### Work instruction
The required output is the stretch from the line containing "Ảnh: NVCC |" through the line containing "Компрессор воздушный AUTOPROFI" in the records below, unaltered and with no pictures.

### Given records
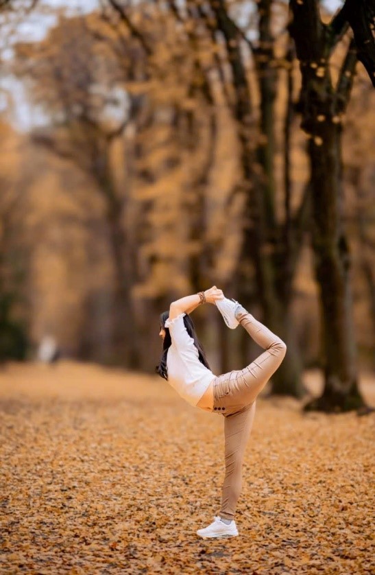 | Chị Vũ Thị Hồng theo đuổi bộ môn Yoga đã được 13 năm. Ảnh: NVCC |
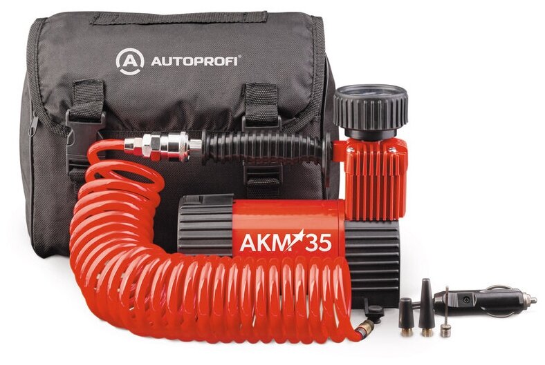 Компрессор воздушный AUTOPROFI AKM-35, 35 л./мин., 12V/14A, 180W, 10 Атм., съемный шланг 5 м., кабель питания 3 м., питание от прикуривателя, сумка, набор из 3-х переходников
---
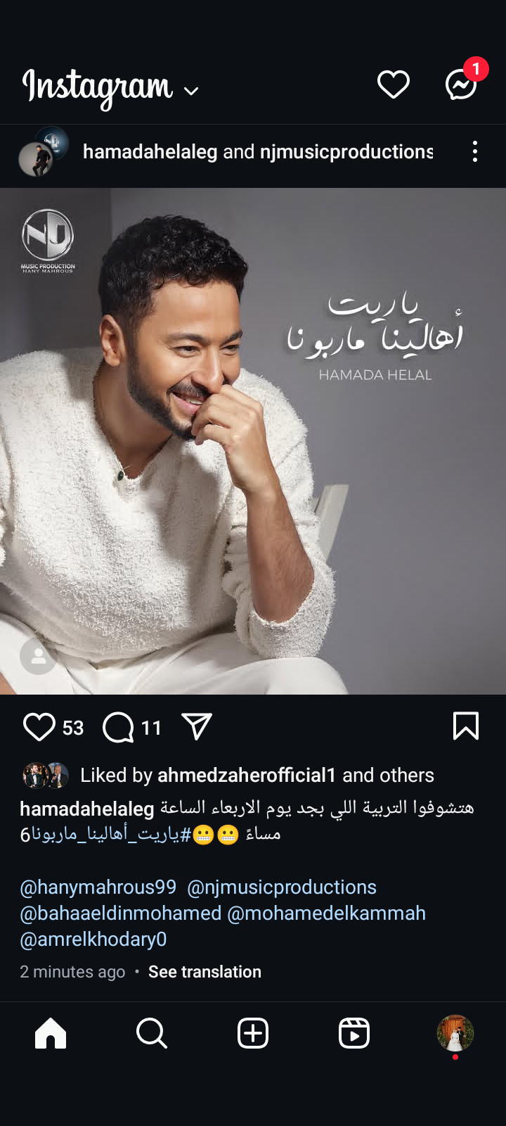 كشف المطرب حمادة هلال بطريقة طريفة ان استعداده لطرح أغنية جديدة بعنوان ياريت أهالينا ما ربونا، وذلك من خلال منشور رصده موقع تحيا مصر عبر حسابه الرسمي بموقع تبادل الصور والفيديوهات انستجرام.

### Expected answer
 | Chị Vũ Thị Hồng theo đuổi bộ môn Yoga đã được 13 năm. Ảnh: NVCC |
 Компрессор воздушный AUTOPROFI AKM-35, 35 л./мин., 12V/14A, 180W, 10 Атм., съемный шланг 5 м., кабель питания 3 м., питание от прикуривателя, сумка, набор из 3-х переходников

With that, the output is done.